- Date: Thanksgiving Day
- Location: Buffalo, New York, United States
- Event type: Road
- Distance: 5 miles (8 kilometers (5.0 mi) certified)
- Primary sponsor: YMCA
- Established: November 26, 1896
- Official site: ymcaturkeytrot.org
- Participants: over 14,000 (in 2018)

= Buffalo Turkey Trot =

Annual footrace held in Buffalo, New York

The YMCA Buffalo Niagara Turkey Trot is an annual 8K (4.97 miles) Thanksgiving footrace held in Buffalo, New York each Thanksgiving Day. The Buffalo Turkey Trot, a popular fundraiser for the local branch of the YMCA, runs five miles down Delaware Avenue in Buffalo.

==History==
The race proclaims itself to be the oldest continually running public footrace in North America, having established itself in 1896 and run every year since, even during World War I, the 1918 flu pandemic, World War II, and the 2020 coronavirus pandemic.

The Around the Bay Road Race in nearby Hamilton, Ontario, first run in 1894, also claims the title of Oldest Long-Distance Road Race in North America, although that race was not held during World War I, a ten-year stretch between 1925 and 1935, or in 2020 or 2021. Likewise, the Bemis Forslund Pie Race, the oldest footrace of any distance on the continent, has been held since 1891, but was canceled in 1936 due to a scarlet fever epidemic, and thus the Buffalo Turkey Trot has had the longer continuous run. It is a mere five months older than the Boston Marathon, launched April 1897. It has never been postponed nor cancelled due to weather in its history; the organizers keep "a plan in place" to ensure that the city's famous lake-effect snow storms do not threaten the event, a contingency that most prominently occurred in 2000 when the city specifically focused its snow removal efforts on the Turkey Trot course following a heavy snow event.

The Turkey Trot has increased in popularity in recent years. The inaugural race featured six runners (four of whom completed the race course), running on a dirt course; it shifted to a pavement course in the mid-1900s. A team competition was added in 1899 (that year was marred by a scandal in which a member of the Buffalo team completed part of the course riding a wagon and thereby forfeited the race to the team from Rochester) and continues to the present day. It was an all-male race from its founding through 1971; its first female contestant, Mary Ann Boles, ran the 1972 competition, in which there were 169 racers. In 1981, the race drew 1,069 runners. By 1986, the field had doubled in size to 2,000 runners, and by 1995 it had grown to 6,000 participants. It drew a crowd of 12,500 runners (the maximum the YMCA would allow) for the 2010 race, resulting in the YMCA arranging to increase capacity and accommodate 13,200 runners in 2011, which also maxed out several days before Thanksgiving. The race again filled the expanded 14,000-runner field over a week before Thanksgiving in 2012.

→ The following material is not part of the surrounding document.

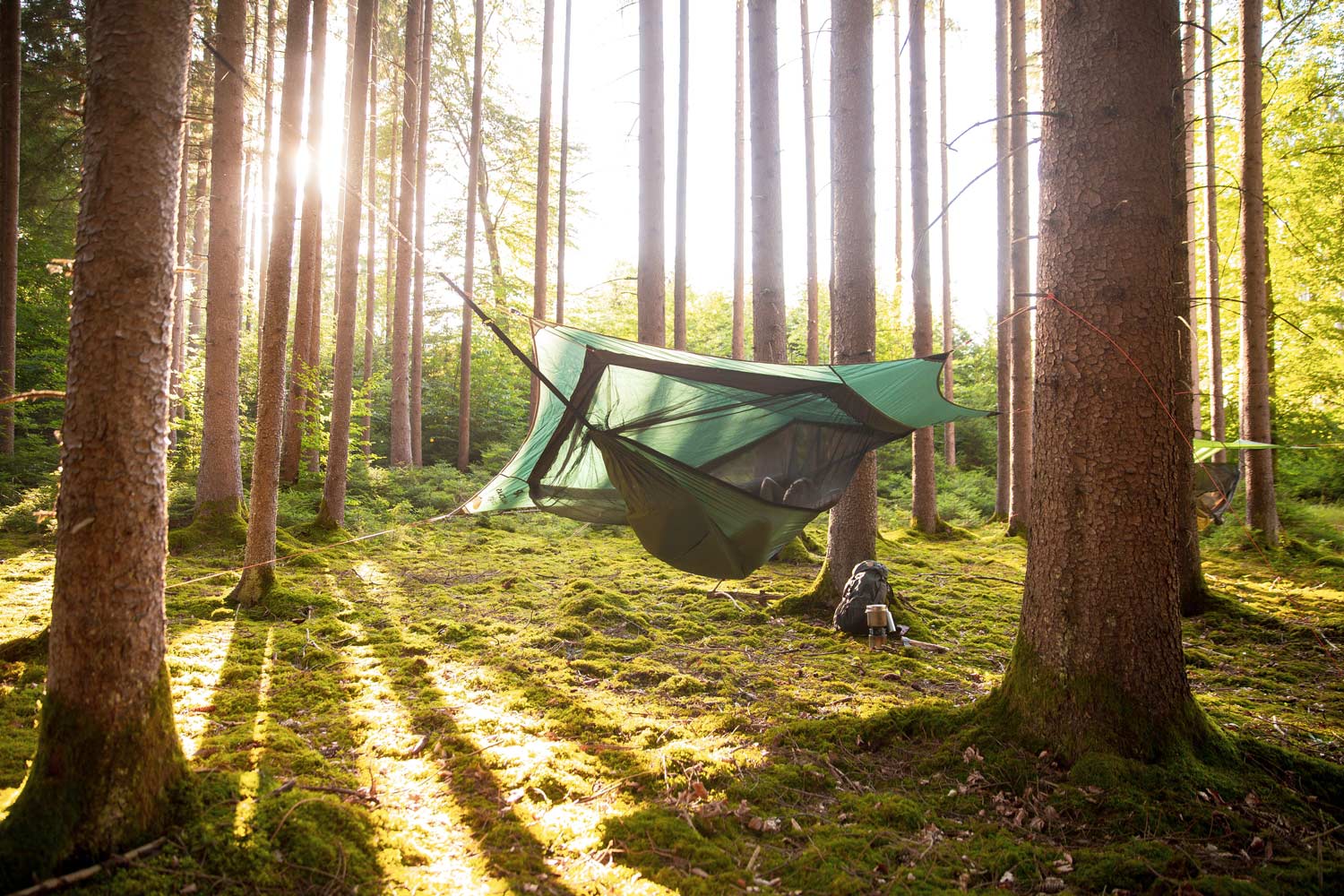 All-in-one Set-Up Das Traveller Camp besteht aus einer ultraleichten Hängematte, die über ein extragroßes Moskitonetz fest mit einem Tarp verbunden ist. So hast du Schlafplatz, Moskitonetz und Schutz vor Wind und Regen in einem. Einfacher Aufbau mit wenigen Handgriffen Die Hängematte zwischen zwei Bäumen spannen - dank den weißen Pfeilen auf den Hängemattenaufhängungen siehst du sofort, wo die Hängematte an gängigen Baumbefestigungen festgemacht werden soll - dann die bereits vormontierte Ridgeline spannen und nach Bedarf die Höhe der Hängematte regulieren. Anschließend noch die vier Ecken des Tarp mithilfe der mitgelieferten Seile und Heringe am Boden fixieren. Die Ridgeline, das Seil, dass das Tarp hält, ist bereits vormontiert. Du kannst sie mithilfe eines Spezialkarabiners bequem und stufenlos verstellen um das Tarp zu spannen. Diagonales Einschubfach für alle typischen Trekking-Isomatten Um dich vor der Kälte von unten zu schützen, blieb dir bisher nur die Möglichkeit eine Isomatte in die Hängematte zu legen. Mit dem Ergebnis, dass die Matte während der Nacht verrutschte und es dann von unten empfindlich kalt wurde. Deswegen haben wir die Thermo-Hängematten entwickelt. Diese haben an der Unterseite ein praktisches Einschubfach mit verstärkten Nähten für eine Isomatte. Damit schläfst du auch an kälteren Tagen warm und sicher in deiner Outdoor-Hängematte. In das Einschubfach passen alle „typischen“ Isomatten, die für Trekking Touren verwendet werden (Regular: ca. 183 x 51 cm; Large: ca. 198 x 65 cm). 'Luxus-Isomatten' mit einer Dicke bis 7 cm passen auch in das Einschubfach. Sie sind zwar relativ groß, können aber, weil es bequemer ist, immer etwas "under inflated" verwendet werden. So passen sie sich besser dem Körper an und der Liegekomfort ist höher. Extragroßes Moskitonetz ohne Spreizstäbe Durch das bereits angenähte Moskitonetz bietet die Hängematte einen großen Innenraum, ganz ohne Aufspannen. So entsteht das Gefühl eines angenehm geschützten Raums. Die Ridgeline, die im Inneren des Netzes verläuft, bietet dir die Möglichkeit, einen Organizer oder kleine Gegenstände in greifbarer Nähe zu verstauen. Auch ohne Hängematte als Tarp oder Bodenzelt nutzbar Das Traveller Camp kann auch als Tarp verwendet werden. Hierzu ziehst du die Hängematte ganz einfach mit den verstellbaren Gurten nach oben und verstaust sie direkt unterhalb des Tarps. So entsteht darunter z. B. ein Aufenthaltsplatz bei Regen. Sollten dir keine zwei Bäume im richtigen Abstand zur Verfügung stehen, kannst du das Traveller Camp auch am Boden nutzen. Dazu spannst du die Aufhängepunkte mithilfe von langen Ästen oder von Wanderstöcken ab.

For the 2020 event, the YMCA reduced the field to 125 runners, but added a virtual race that allowed other participants to choose any 8-kilometer path of their choosing during Thanksgiving weekend; the limited field allowed the race to continue to claim a continuous streak of operations, while at the same time maintaining social distancing during the coronavirus pandemic. To compensate for the reduced field, and to reduce demand for registrations, the entry fee was increased over twentyfold from its usual fee to $1,000 per runner.

The race is a legitimate competition in that contestants are timed and records are kept. Concurrently, the race has a substantial fun run component, an element of the race that emerged spontaneously when a team ran an early 1980s race wearing hockey uniforms and mullets. Since then, participants in the Turkey Trot have been known to wear unusual costumes (comparable to those used by the contestants in the game show Let's Make a Deal) such as turkey suits, Chewbacca outfits, or formal wedding wear while racing. Former Headmen from Camp Pathfinder have portaged 16 foot wooden and canvas canoes the entire length of the race. The entry fee for 2021 ranged from $37 to $42, depending on the date of registration.